На половине пути Чонга вдруг зарыдал со словами: «Папа, я не чувствую руку!»

Онемение – признак интоксикации змеиным ядом. Для лекаря, работающего со змеями, это было так же очевидно, как и то, что я слишком рано успокоился.

Дома имелся запас противоядий, и, как только мы переступили порог нашей избы, Чонга принял антидот. Но время шло, а облегчение не наступало, онемение продолжало распространяться.

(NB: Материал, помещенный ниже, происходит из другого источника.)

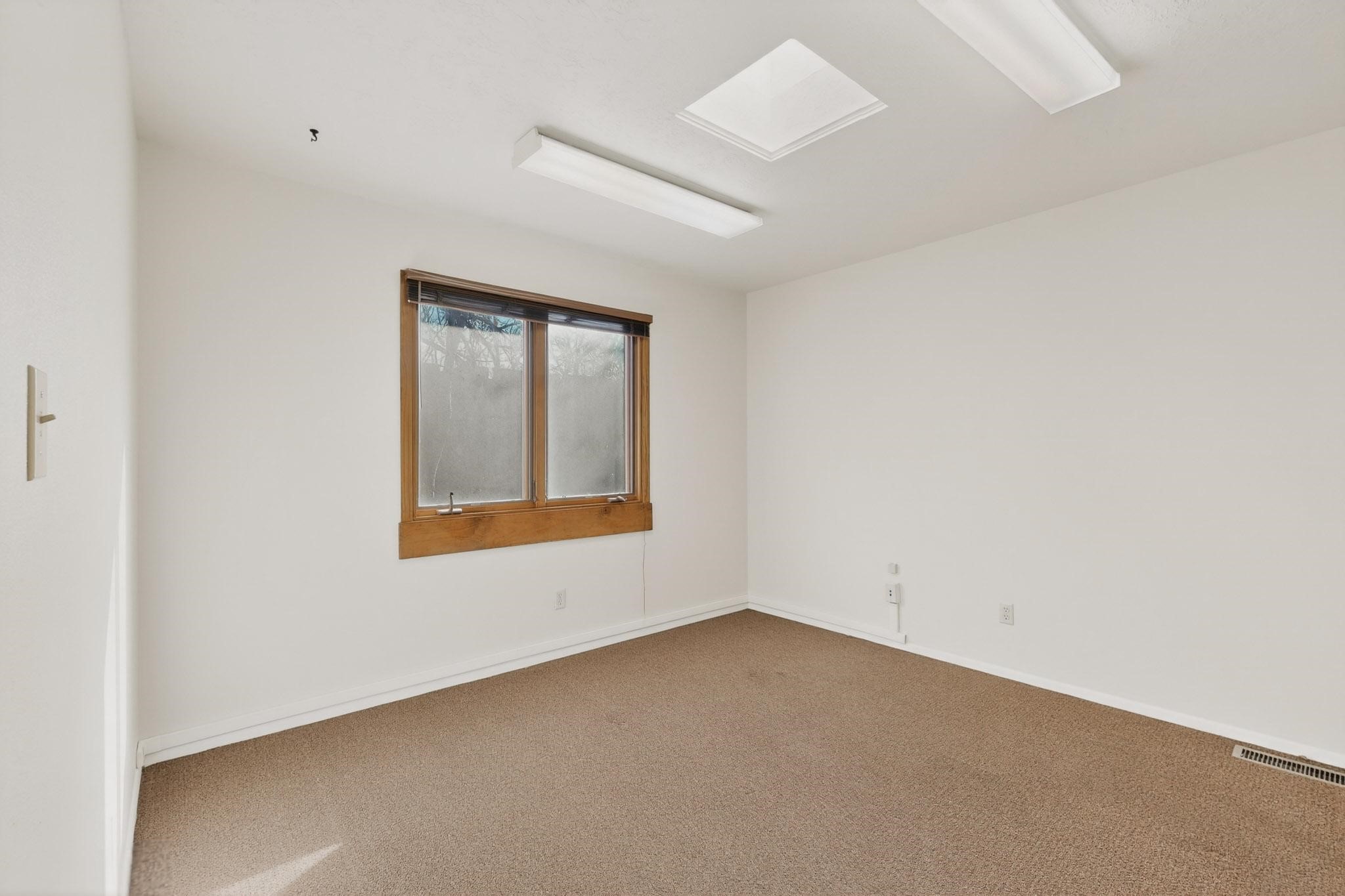 Excellent opportunity to purchase flexible office space in St. Francis Professional Center. Well located in the complex with great visibility, the space had been configured as two separate suites, which provided excellent flexibility. There are a total of 7 private offices, 2 bathrooms, 1 kitchenette, 2 large storage rooms, and 2 waiting areas. Great layout for wellness practitioners or professional offices (legal, accounting, etc). The section that was used as the larger suite has offices on two floors, a kitchenette, bathroom, waiting area and a very large multi-use space for storage, open concept workspace etc.

Противоядие, эффективное от гадюк, перед ядом этой твари оказалось бессильно. Оставалось последнее – седлать соседскую лошадь и гнать что есть мочи к королевским жрецам в Долину кристальных озёр, к замку самого Короля Филиппа.

Распустив всех пациентов, я молнией добежал до соседского дома, одолжив лошадь, взобрался на неё, сына посадил перед собой и поскакал.

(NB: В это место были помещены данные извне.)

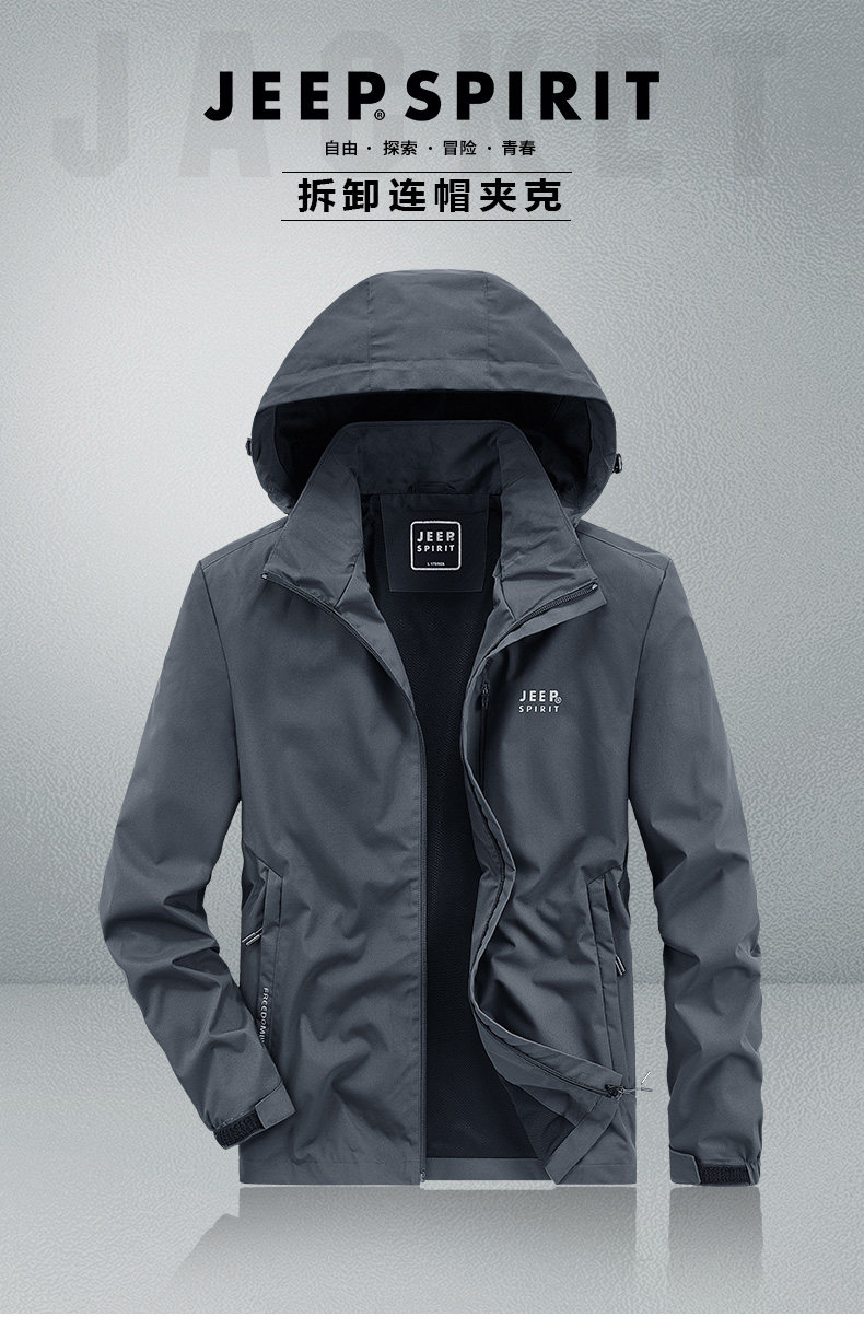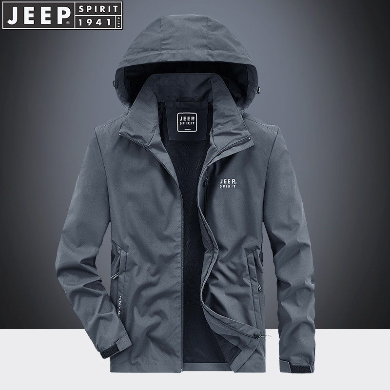 Jeep, джип, осенняя съёмная ветрозащитная эластичная тонкая куртка с капюшоном для отдыха, оверсайз

Путь лежал через ненавистный Проклятый лес, где я тщетно пытался заглушить шипящие голоса призрачного мира. «От-т-с-ступис-с-сь… его не с-с-пас-с-ти-и-и…» – вторили они, снова и снова без спроса вторгаясь в сознание. Но я мчал и мчал, гонимый надеждой и потоками ветра, и, насколько хватало воли, гнал докучливых гостей из своей головы.

Минули почти сутки с того момента, как я пробрался через Проклятый лес. И вот наконец передо мной в тёмном отражении озёрной глади предстал королевский замок со множеством башен из мрамора цвета запёкшейся крови. Цитадель кудесничества располагалась ниже по склону, отделённая от замка глубокой расщелиной с перекинутым через неё узким бревенчатым мостом.

Привязав лошадь у коновязи неподалёку от моста, я с сыном на руках вошёл на территорию. Дежурившие у ворот стражи не препятствовали – просители часто наведывались в Цитадель. По холодным коридорам крепости страж провёл нас к жрецу по имени Бама в небольшую, слабо освещённую келью, крайне скромно обставленную, практически лишённую мебели, с единственным решетчатым окошком, которое почти вплотную примыкало к потолочному своду.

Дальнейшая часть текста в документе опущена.